**EXERCISE:**
Should the entries contain pictures, leave them out and return exactly the lines from the first through the line holding "3月13日,长兴县吕山乡胥仓".

[Entries taken from a collection]
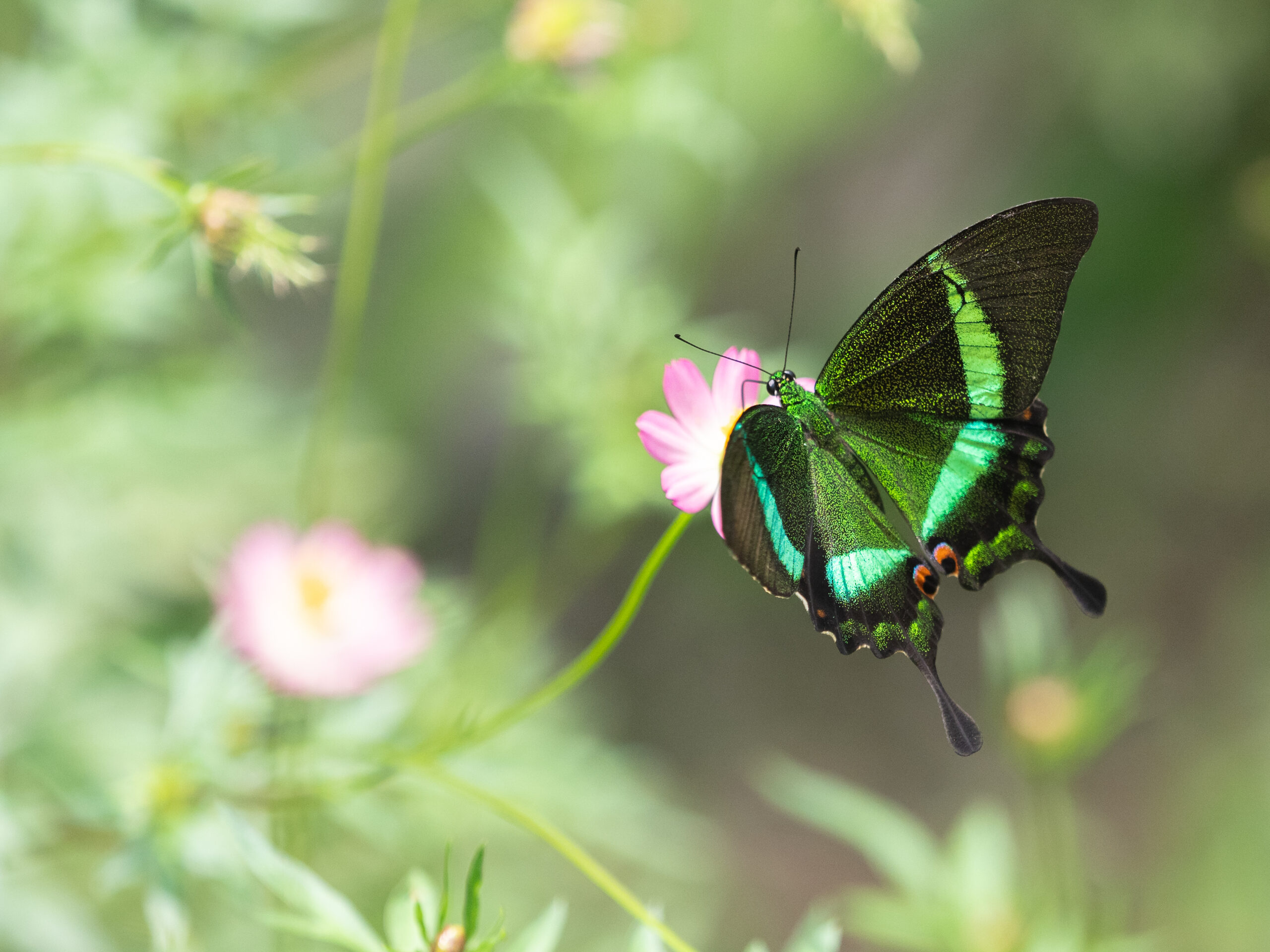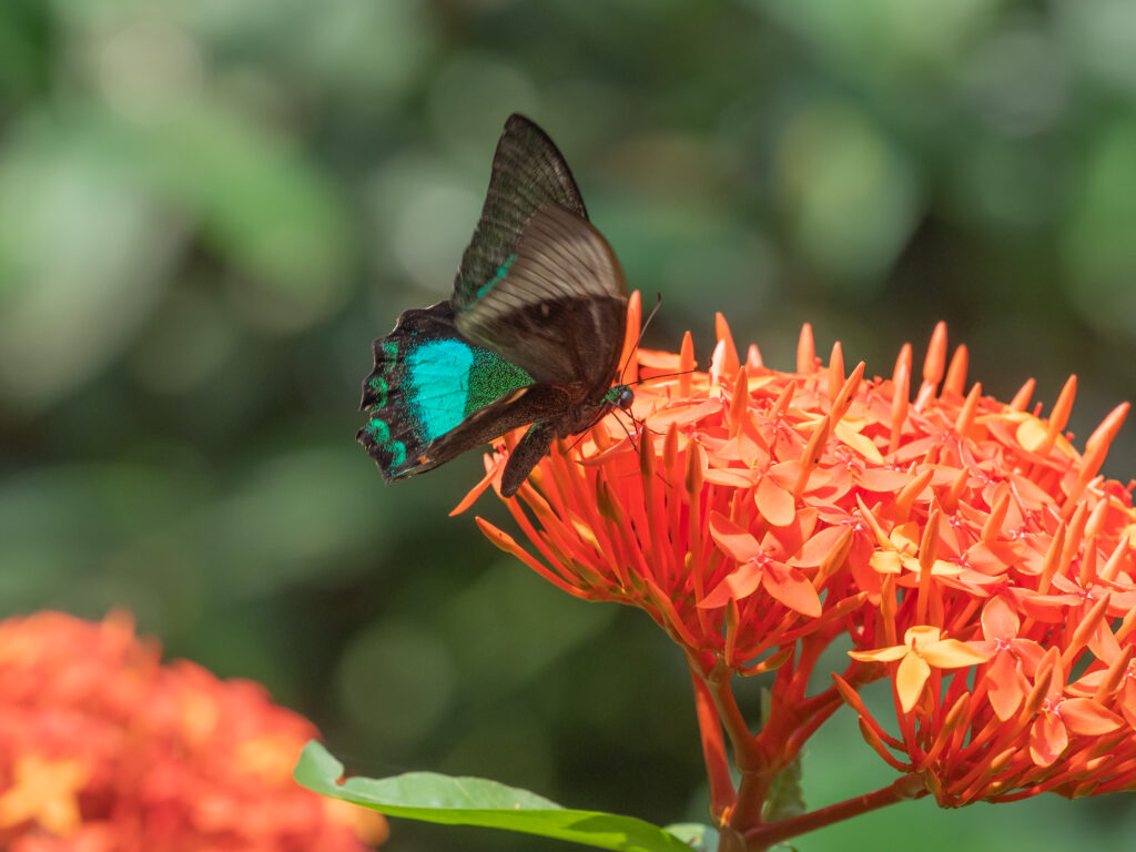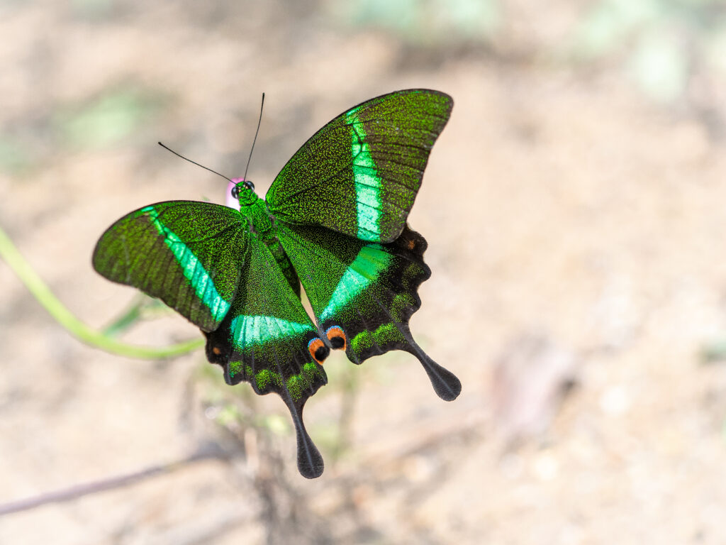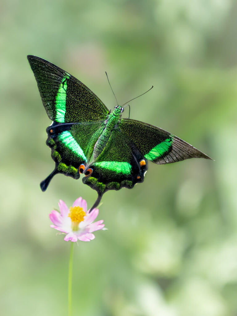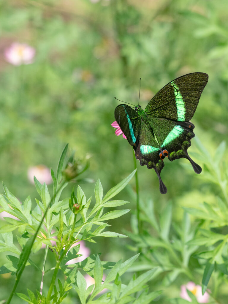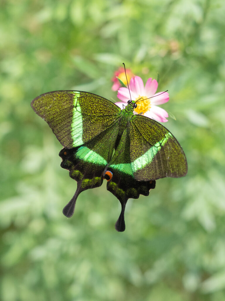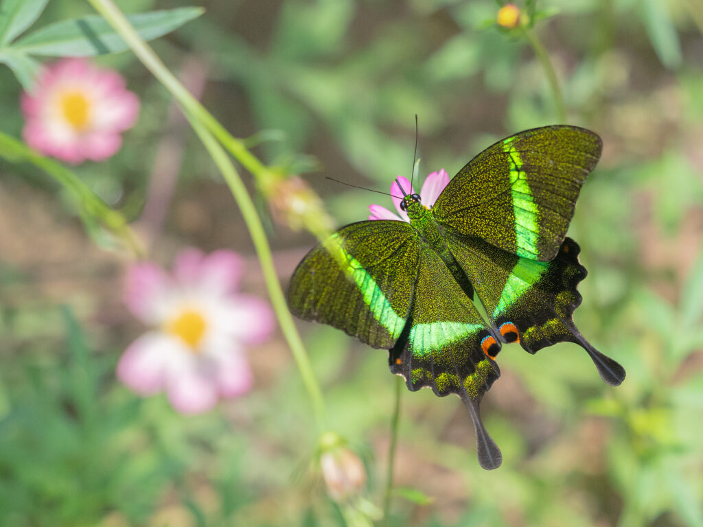 特徴:日本のカラスアゲハに近い仲間で、羽に散りばめられた鱗粉が美しい。
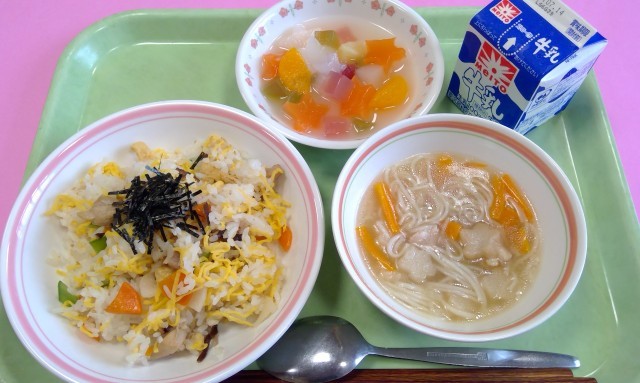 給食のそうめん汁には、短冊の形に切った人参や星形の麩、デザートのカルピスポンチには、星形のゼリーとナタデココが入っていました。
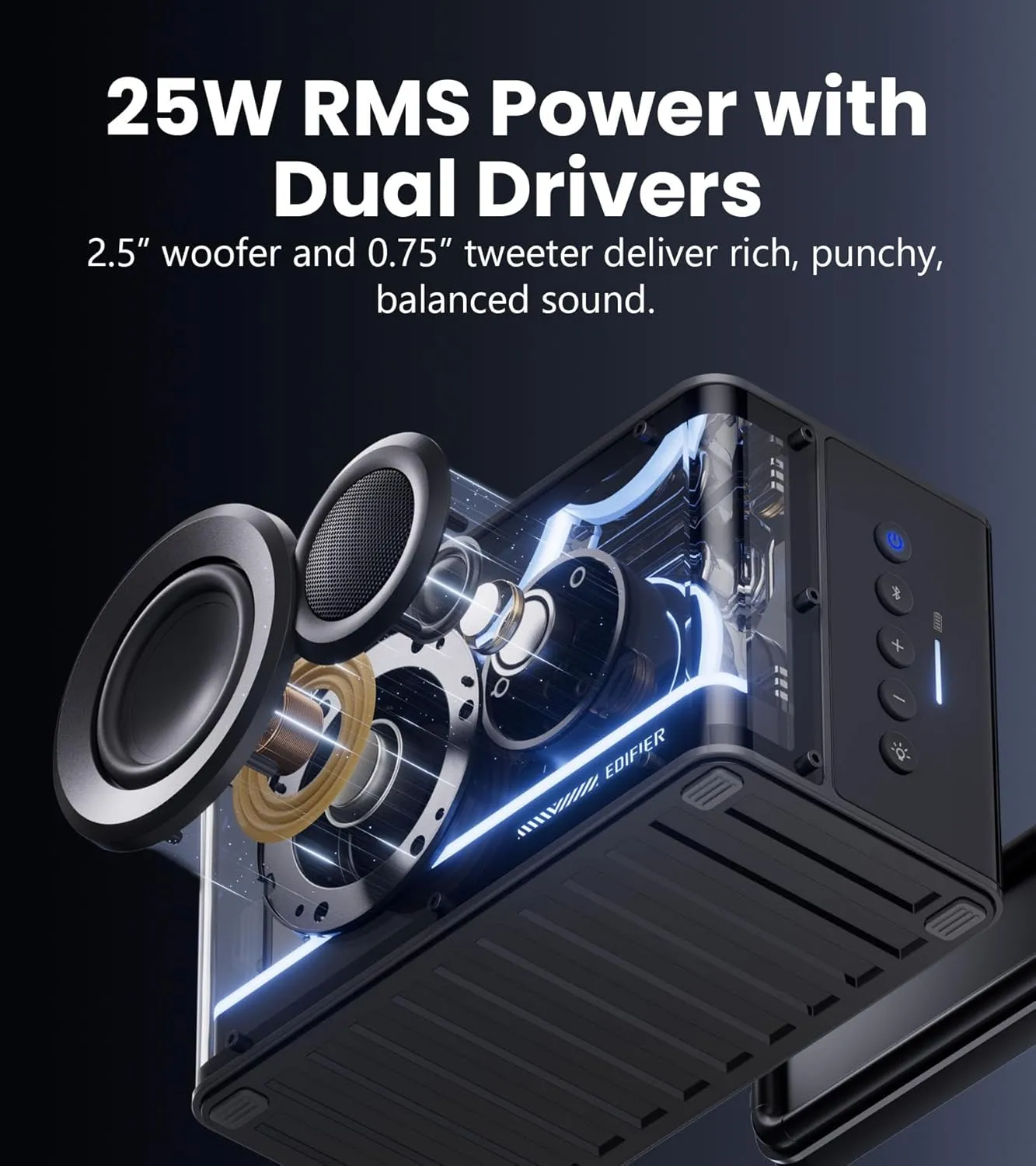 2.5" mid-bass driver and 0.75" tweeter with neodymium magnets, complemented by an oval passive radiator for enhanced sound quality
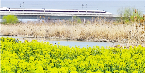 3月13日,长兴县吕山乡胥仓村,一列动车在金色的油菜花海中穿行,驶向生机盎然的春天。
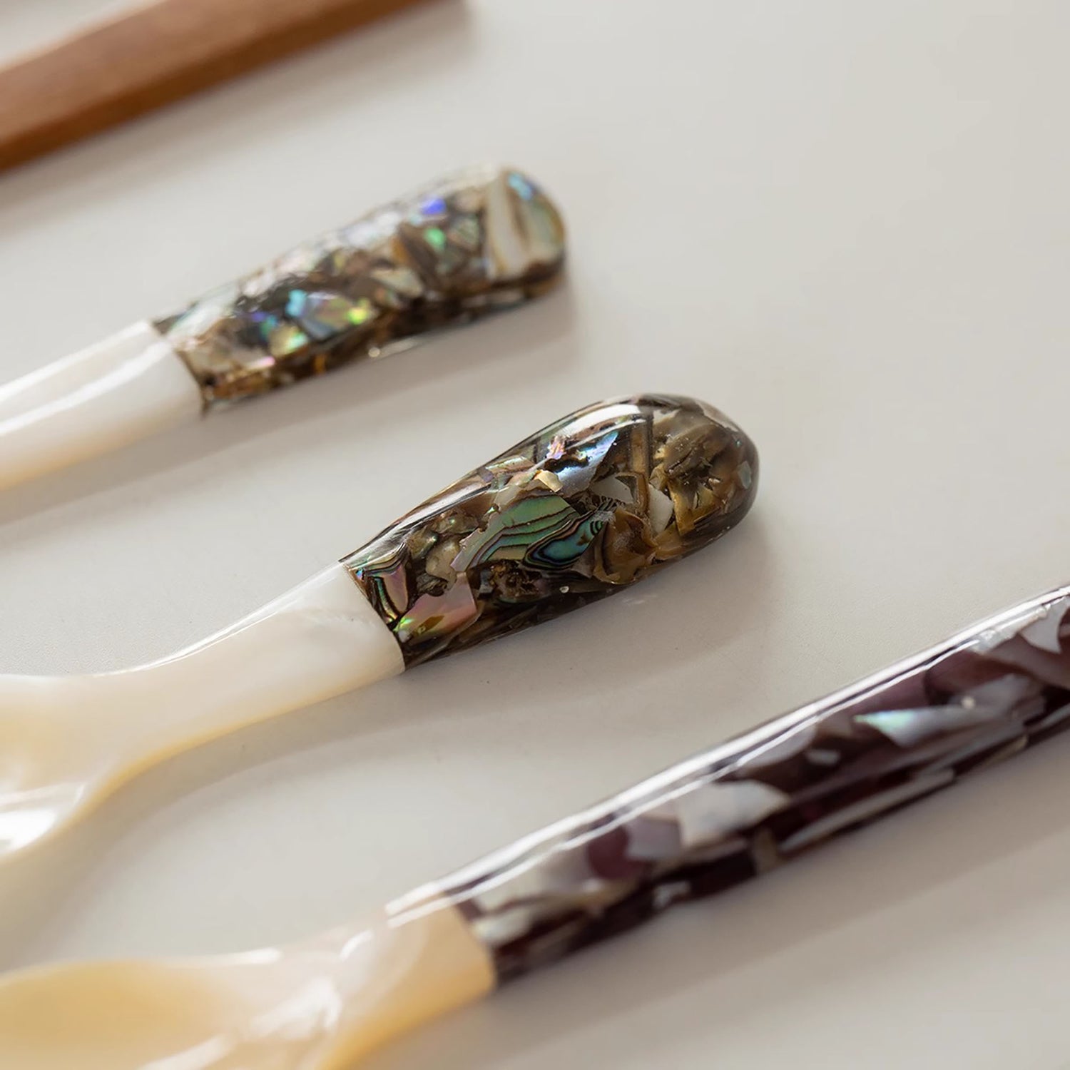 Cette cuillère en nacre naturelle, fabriquée au Japon, est minutieusement polie à la main pour révéler la beauté unique de chaque pièce. Avec son éclat et ses motifs naturels, elle apporte une touche d’élégance à votre table, idéale pour les repas quotidiens ou les réceptions. Parfaite pour servir des condiments ou des desserts, elle allie praticité et esthétique.
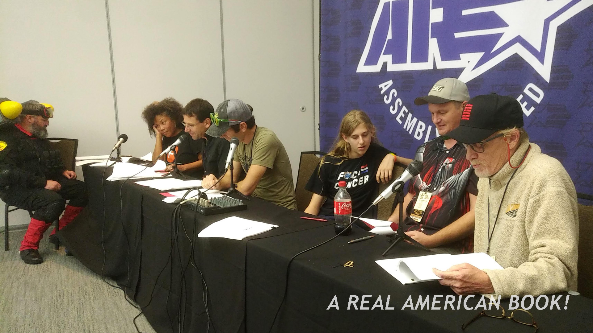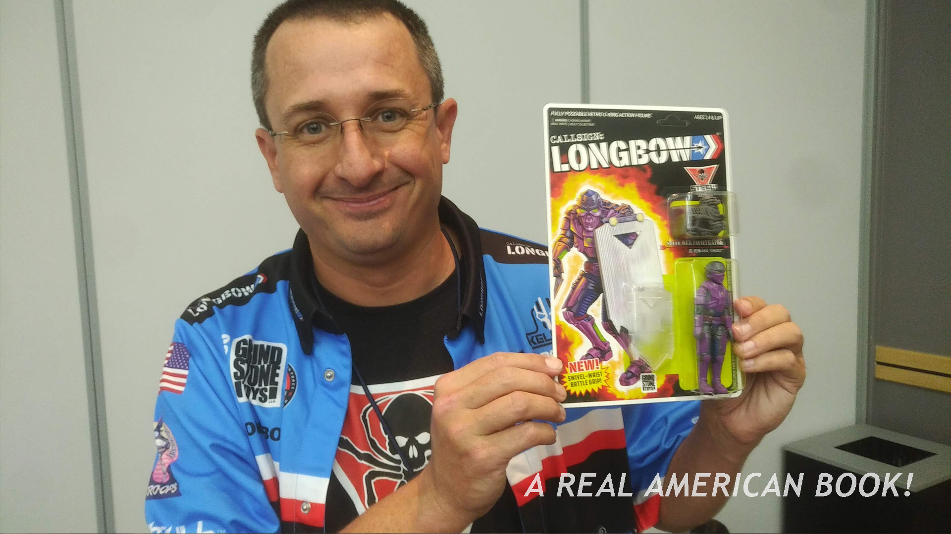 Sitting to my right were Troy McKie, John Kukovich, and Mikey Kukovich of Grindstone Toys. I’d barely said hello, so now felt like a good time to catch up. I asked what it was like splitting the team between two conventions held at the same time back in August. Also, I had received the Kickstarter edition of their Callsign: Longbow comic in the mail just before my trip out to AR, and brought it with me to read on the plane. It was good, and I wanted to tell them in person, and ask about issue #2. (McKie had previously told me that as much as the team wanted to push ahead with storytelling in comic books, if the comics got too far ahead and toys still hadn’t shipped from China, backers would feel like the company wasn’t prioritizing properly.) I also asked them about current challenges for their toy line, but without hitting the “Where are my Kickstarter rewards???? It’s taking too long!!!!” note that they (and other small toy companies who crowdfund) likely get all the time. Here’s McKie, from inside the con at the Grindstone table from earlier that day, holding one of their first figures, the 1980s-G.I. Joe-ish Steel Web Shock Trooper action figure:
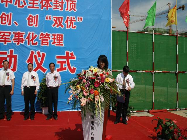 儀式上,青島市建管局副局長孫維民、公司黨委書記許紅、青島市李滄區(qū)建設(shè)局局長劉波等領(lǐng)導(dǎo)分別為中建八局項(xiàng)目黨員先鋒號(hào)、工人先鋒號(hào)、青年文明號(hào)授旗,并為準(zhǔn)軍事化管理項(xiàng)目及效能監(jiān)察重點(diǎn)工程揭牌。青島市建管局副局長對八局在李滄萬達(dá)廣場項(xiàng)目建設(shè)中取得的成績及此次活動(dòng)給予了充分肯定,他指出李滄萬達(dá)廣場項(xiàng)目是青島市重點(diǎn)項(xiàng)目,這一工程對樹立城市形象、提高城市品位、改善李滄區(qū)商業(yè)環(huán)境、促進(jìn)李滄區(qū)社會(huì)經(jīng)濟(jì)發(fā)展具有重要意義。高質(zhì)量、高水平、高效率地完成這一施工任務(wù),是對施工單位的一次重大考驗(yàn)。中建八局是一支有著優(yōu)良傳統(tǒng)的中國建筑“國家隊(duì)”,在南征北戰(zhàn),報(bào)效祖國、奉獻(xiàn)社會(huì)的建設(shè)征程上曾經(jīng)做出了許多驕人的業(yè)績,形成了“特別能吃苦,特別能戰(zhàn)斗,特別能奉獻(xiàn)”的鐵軍精神,希望八局在李滄萬達(dá)廣場工程建設(shè)中,繼續(xù)保持和發(fā)揚(yáng)鐵軍傳統(tǒng),充分發(fā)揮黨員的先鋒模范作用、充分發(fā)揮工人階級的主人翁精神,充分發(fā)揮青年的生力軍作用,以一流的速度、一流的質(zhì)量把工程建設(shè)成精品工程,安全工程、滿意工程和廉潔工程!
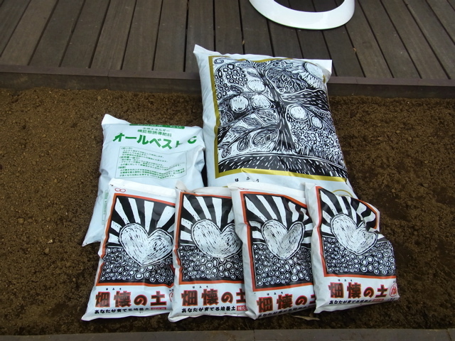 追加する「懐」の推奨使用量は「畑」ひと袋(12リットル)に「懐」一袋(1リットル)です。しかし、「懐」が高価で懐が寒いので(笑)半量の5袋とし、代わりに手元にあった「畑」一袋を追加することにしました。肥料は「オールベストC」ひと袋です。
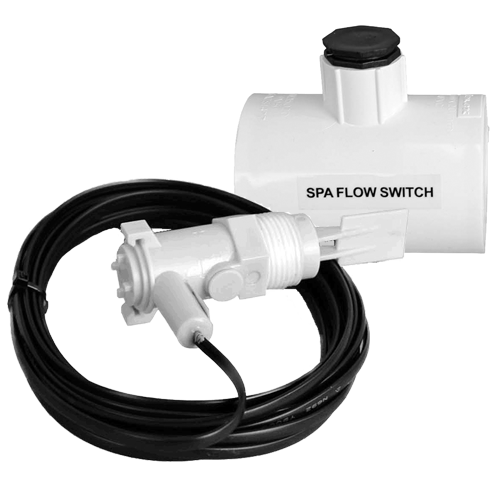 The Spa Flow Switch is for pool/spa combo's and is plumbed into the spa suction line. When spa only mode is activated, the Spa Flow Switch is engaged. When connected with a Pool Lab Plus, Puresilk or Hayward PS Series chlorinator only this will turn off chlorine production to prevent over-chlorination in the spa.
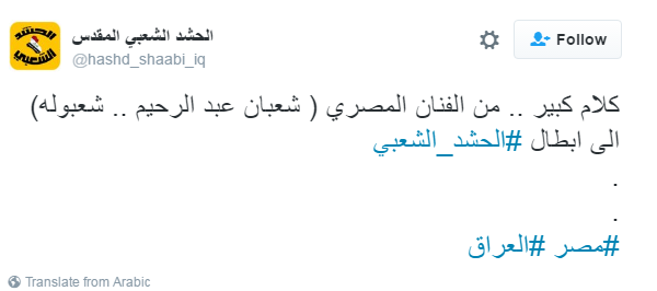 أثارت أغنية للمطرب الشعبي “شعبان عبد الرحيم”، يدعم فيها “الحشد الشعبي” الشيعي العراقي بسبب مشاركته في معركة الموصل، استياء عدد من النشطاء على مواقع التواصل الاجتماعي.
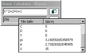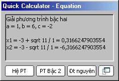 Quick Calulator là phần mềm làm tính nhỏ gọn và rất tiện lợi. Ngoài chức năng thực hiện các phép toán thông thường, phần mềm còn có khả năng tính toán với phân số, đa thức, giải phương trình, hệ phương trình, tính toán với các số nguyên lớn, làm việc với số nguyên tố, v.v... Cũng như nhiều chương trình thông dụng khác, Quick Calculator hiển thị một thanh công thức đơn giản cho phép bạn trực tiếp nhập biểu thức để tính toán:

**WRITTEN ANSWER:**
 特徴:日本のカラスアゲハに近い仲間で、羽に散りばめられた鱗粉が美しい。
 給食のそうめん汁には、短冊の形に切った人参や星形の麩、デザートのカルピスポンチには、星形のゼリーとナタデココが入っていました。
 2.5" mid-bass driver and 0.75" tweeter with neodymium magnets, complemented by an oval passive radiator for enhanced sound quality
 3月13日,长兴县吕山乡胥仓村,一列动车在金色的油菜花海中穿行,驶向生机盎然的春天。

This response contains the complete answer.